A nurse’s aide wheeled me down to the conference room, a corner room with big windows and white metal blinds tilted open. Mom and Dad were already there waiting, dressed a little better than they might otherwise have been; a doctor I was pretty sure I knew — there’d been a lot of them; I was still pretty foggy a lot of the time — explained why we were there, and then the questions started. The social worker asked variants on her how-do-you-plan-to-spend-your-time question; she was trying to assess risk, it seemed really obvious. “What are your outlets?” was the way she phrased it this time.

“Working on a game,” I said.

“Good,” she said. “What else can you do besides games?”

“I am making my own game,” I said with some effort. I felt unexpected gratitude for the familiarity of the team. They understood me when I spoke. Outside of that small, exclusive club, no one would have been able to figure out what I was saying.

“For other people to play?” she said. I felt my vision making overtures toward the outside physical world, sensed the expanse of it. It felt unbelievably good.

“Yes,” I said.

She raised her eyebrows and wrote something on the form she had on the table in front of her, nodding as she did so: not at me, but toward the nurses and the doctor. Then, still writing, not looking up: “What’s changed since you came here?”

I thought hard; it was a good question. “I have bigger ideas,” I said. I felt very smart and proud of myself for this answer. It was true, but loose.

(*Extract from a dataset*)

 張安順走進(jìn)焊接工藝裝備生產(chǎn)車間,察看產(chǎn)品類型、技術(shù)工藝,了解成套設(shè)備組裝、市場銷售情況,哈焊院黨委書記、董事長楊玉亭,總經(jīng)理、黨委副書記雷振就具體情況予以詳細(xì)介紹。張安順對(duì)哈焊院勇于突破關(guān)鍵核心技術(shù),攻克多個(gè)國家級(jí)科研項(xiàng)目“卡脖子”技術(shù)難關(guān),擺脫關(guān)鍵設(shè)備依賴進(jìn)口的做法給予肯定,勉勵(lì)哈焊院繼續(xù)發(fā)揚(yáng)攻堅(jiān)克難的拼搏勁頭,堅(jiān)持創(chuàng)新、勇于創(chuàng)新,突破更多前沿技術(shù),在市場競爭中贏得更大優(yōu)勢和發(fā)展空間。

“Better ideas about how to cope with situations?”

If I’d had any front teeth, I would have bitten my lower lip hard. You could hear, in the questions they asked and how they asked them, that there were right answers, things they wanted to hear. You could also, if you thought about it, understand that this was a preview of what the outside world was going to be like for the foreseeable future.

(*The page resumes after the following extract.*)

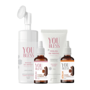 O Kit foi desenvolvido para deixar a sua rotina skincare completa. O Mousse para a limpeza, o Sérum de Ácido Hialrônico para hidratação, sustentação e prevenção de linhas de expressão, o Peeling para renovação da pele e o Sérum de Vitamina C para clarear manchas e incentivar a produção de colágeno natural.
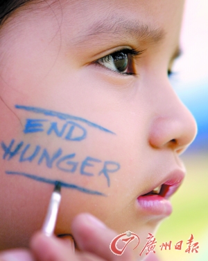 在马尼拉,一名小女孩脸上写着“结束饥饿。”(资料图片)

I weighed a few responses against one another in my head. There was a bargain to strike somewhere. You pick your battles. “Just bigger ideas,” I said.

“What do you mean by ‘bigger’?” she said.

I looked at everybody. I stopped caring about what they decided to do with me long enough to say bigger again, and then the doctor moved the conversation along, and I understood that all the decisions had actually already been made and this conference was only a formality.